The implementation uses Next.js route handlers with ReadableStream and Server-Sent Events. Each section appears as its JSON key completes:

export async function POST(req: Request) {
  const { ticker } = await req.json();
  const reportData = await buildReportData(ticker); // Python calculations
  
  const stream = new ReadableStream({
    async start(controller) {
      const response = await openai.chat.completions.create({
        model: 'gpt-4o',
        messages: buildPrompt(reportData),
        stream: true,
      });
      
      for await (const chunk of response) {
        const text = chunk.choices[0]?.delta?.content || '';
        controller.enqueue(new TextEncoder().encode(`data: ${text}\n\n`));
      }
      controller.close();
    },
  });
  
  return new Response(stream, {
    headers: { 'Content-Type': 'text/event-stream' },
  });
}

What breaks under load

I learned three things when briefstock hit its first traffic spike (about 400 concurrent report generations):

The Python calculation layer saturates first. The financial calculations are CPU-bound. On a single-process setup, concurrent requests queue behind each other at the calculation step. The fix was moving the Python service to a queue-based architecture where calculation workers scale independently from the API layer.

LLM rate limits are real at low thresholds. At 400 concurrent requests, I hit rate limits on the LLM API within minutes. The solution was implementing a retry-with-backoff queue for the narration step, with a user-visible "queued" state rather than a silent failure.

Caching is worth the complexity. Identical requests for the same ticker within a 15-minute window should return the same report. Without caching, each request triggers a full data fetch and LLM call. With caching, 80%+ of requests on popular tickers are served from cache. Cache key is {ticker}:{15-minute-bucket}.

The cache hit rate surprised me

I expected maybe 30% cache hit rate. It's 81% for the top 20 tickers. AAPL, MSFT, NVDA, TSLA — every time one of these trends on financial Twitter, briefstock sees a wave of identical requests. The cache turns a capacity problem into a non-event.

Tech stack

| Layer | Technology | |---|---| | Frontend | Next.js 14 App Router | | API | Next.js route handlers + FastAPI (Python) | | Calculations | Python (pandas, numpy) | | LLM | Claude claude-sonnet-4-6 (narration), GPT-4o (fallback) | | Market data | Financial Modeling Prep API | | Fundamentals | SEC EDGAR (direct) | | Cache | Redis (Upstash) | | Deployment | Vercel (Next.js) + Railway (Python service) | | Database | Supabase (user accounts, report history) |

The Python service on Railway is the only non-serverless component. Financial calculations require pandas and numpy — these don't run well in serverless environments due to cold start times and package size limits.

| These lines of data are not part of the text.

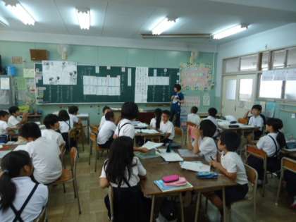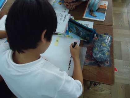 みんなは、話し合いながら「石の上にも三年」や「ちりも積もれば山となる」というようなことわざを使って、上手に文章作りをしていました。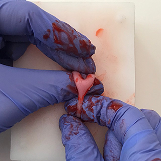The model also helps trainees practice their suturing skills on the abdominal wall musculature and skin layers upon completion of the spay procedure.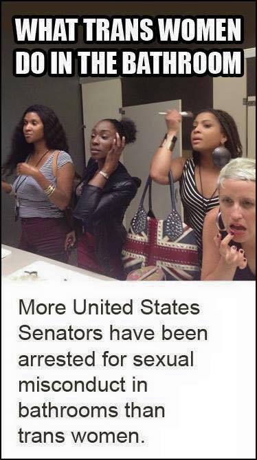 Regardless of what you think of Dan, this time he is definitely right on this one. The anti-trans bigots are using exactly the same arguments they have used against queer people before to justify denying us marriage rights, to justify sodomy laws, and so on. They claim we are monsters and predators and a threat to children. They raise false alarms and generate panic over things that have never actually happened. And yes, they are winning some battles. North Caroline is one place they have won.

What I'd build differently

I'd design the data schema before writing the prompt. I iterated the prompt and the data schema simultaneously, which caused a lot of churn. The prompt references field names from the data object — every time I renamed a field, I had to update the prompt. Define the schema first, then write the prompt.

I'd add a human review queue for edge cases. Some companies produce unusual financial structures (SPACs, recent IPOs with limited history, companies transitioning between reporting standards) that break the calculation assumptions. Right now these fail silently with degraded reports. A human review queue for flagged edge cases would improve quality on the long tail.

I'd charge more. The per-report cost including API calls, data fetching, and compute is roughly $0.18. We charge $19/month for unlimited reports. That math works at current scale but doesn't leave much headroom for the Python infrastructure as scale increases. Pricing should have been $29/month from the start.